The spread process of dengue fever involved three links: the source of infection, the route of transmission and the susceptible population, which were widely affected by natural environment and socio-economic factors2,15,16,17,18. One study predicted that the local spatial variations of dengue risk areas was strongly influenced by temperature, rainfall and the degree of urbanisation2. Dengue fever only existed where the mosquito vectors, Ae. aegypti and Ae. albopictus were present, while temperature, precipitation and socio-economic factors significantly influenced the distribution of the mosquito vectors19. Some studies3,4,10,20,21,22,23,24,25,26,27,28 investigated the influencing factors on dengue epidemics in Guangdong province involving imported cases, mosquitoes density, temperature, precipitation, the El Niño-Southern Oscillation (ENSO), the normalized difference vegetation index (NDVI) and population, but rare studies could be found about that in Yunnan province. Presently, we remain ignorant of whether the relevant factors causing dengue fever are the same in Guangdong and Yunnan provinces, and whether the mechanisms driving dengue fever are consistent. A comparative study will help us understand the influencing factors of dengue and thus benefit the prevention and control of dengue fever in different high-risk areas using limited resources.

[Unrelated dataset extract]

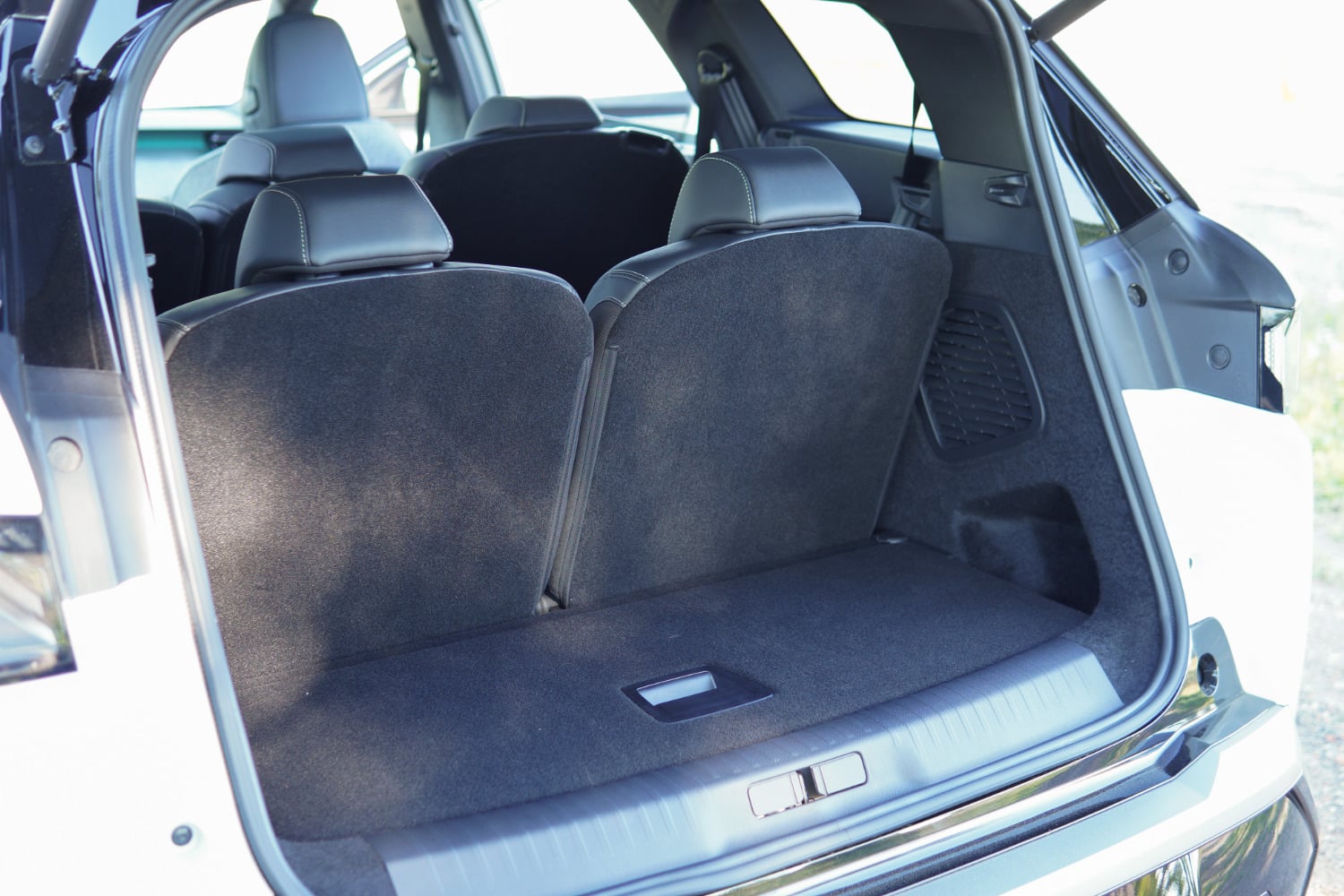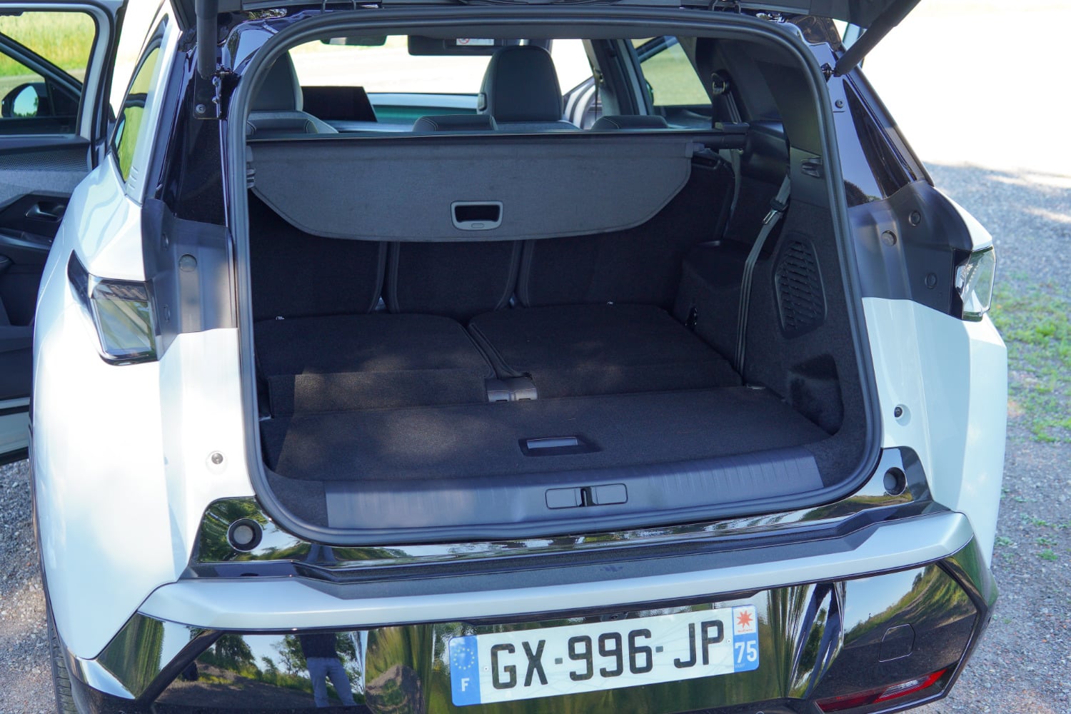 Pour obtenir une place suffisante pour deux adultes à l’arrière, le Peugeot e-5008 peut compter sur une largeur de 1,90 m. Malheureusement, du côté du coffre, celle-ci ne profite pas à l’ouverture. En effet, nous avons noté une ouverture quelque peu étroite, en plus d’un seuil de chargement assez haut. Cela s’explique par le soin accordé au confort de la rangée 3 une fois déployée, mais pour ceux qui ne l’utiliseraient pas, il faut tout de même noter ce point. Quant à la capacité du coffre une fois le rang 3 déployé, elle atteint 209 litres. C’est tout bonnement remarquable, en sachant qu’elle était deux fois moins élevée sur l’ancienne génération du 5008.

In this study, we collected monthly dengue cases, climate factors, larval density and imported cases in the high-risk areas of Guangdong and Yunnan Provinces from 2006 to 2017. We compared the influencing factors using Generalized Additive Model (GAM), random forest and Structural Equation Model (SEM) and found the key drivers on dengue fever incidence in different high-risk areas, which help for early warning and the scientific control of dengue fever.

Material and Method

Ethical approval for the research was granted by Chinese Center for Disease Control and Prevention Ethics Committee (No. 201214). Our study was only involved in patients’ location and the dates of onset. There was no patients’ information used in this study, and we didn’t collect patients’ samples in our study. Therefore, the ethics committee agreed that no informed consent was needed from patients. All methods in our study were used in accordance with the relevant guidelines and regulations.

Data collection

Two different high-risk areas in Guangdong and Yunnan provinces were selected based on the hotspot scanning and risk assessment14 (Fig. 1). All confirmed cases from 2006 to 2017 in the two studies areas were collected from China National Notifiable Infectious Disease Reporting Information System in Chinese Center for Disease Control and Prevention (CDC), which included national standard of current address, time of onset and diagnosis, and the source of the imported case. An imported cases of dengue fever was defined by the patients been to a dengue affected foreign country and reported being bitten by mosquitoes within 15 days of the onset of illness. Indigenous and imported cases in the two study areas were identified by surveillance system.

Figure 1
figure 1

Spatial distribution of high-risk areas of Guangdong and Yunnan Provinces in China.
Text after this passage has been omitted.